Fraser was arrested in 2003 and charged with racketeering, money laundering and drug-related offences. In November 2004, the High Court ordered a provisional restraint order against his property, placing it in the hands of a curator. He subsequently applied, in terms of section 26(6), to the Durban High Court for an order directing the curator to sell the property and use its proceeds for payment of the legal expenses in his criminal trial. ABSA, a creditor of Mr Fraser with a four-year-old default judgment against him in its favour, applied to intervene in the proceedings. It opposed the application for the provision of legal expenses on the basis that, if Mr Fraser were successful, it would be unable to recover its judgment debt.

High Court 
The High Court confirmed the provisional restraint order, dismissed ABSA’s application to intervene, and granted Mr Fraser’s application. ABSA applied for and was granted leave to appeal to the Supreme Court of Appeal (SCA).

Supreme Court of Appeal 
The SCA reversed the High Court’s decision. It granted ABSA’s application to intervene and dismissed Mr Fraser’s application for provision for legal expenses. The SCA held that the legislature could not have intended that a concurrent creditor, who had pursued a claim and obtained a default judgment prior to the issuance of a restraint order, would be prevented from satisfying that judgment simply because the debtor’s assets had been restrained. As a consequence of the SCA’s decision, ABSA’s claim against Mr Fraser was secured. Mr Fraser applied for leave to appeal to the Constitutional Court against the judgment and order of the SCA.

Constitutional Court

Jurisdiction 
This Constitutional Court's jurisdiction is governed by section 167(3) of the Constitution, which limits it to constitutional matters and issues connected with decisions on constitutional matters.
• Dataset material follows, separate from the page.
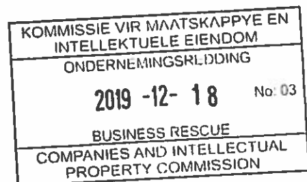
Siviwe X.A DongwanaAA

In matters other than constitutional matters, the SCA is the highest Court in the land.

"To attempt to define the limits of the term 'constitutional matter' rigidly," held Van Der Westhuizen J,

is neither necessary nor desirable. Philosophically and conceptually, it is difficult to conceive of any legal issue that is not a constitutional matter within a system of constitutional supremacy. All law is after all subject to the Constitution and law inconsistent with the Constitution is invalid.

Nor was it appropriate, in a system of constitutional supremacy, to construe the term "constitutional matter" narrowly. Nevertheless, Van Der Westhuizen continued,

the fact that s 167(3)(b) of the Constitution limits this Court's jurisdiction to constitutional matters presupposes that a meaningful line must be drawn between constitutional and non-constitutional matters and it is the responsibility of this Court to do so.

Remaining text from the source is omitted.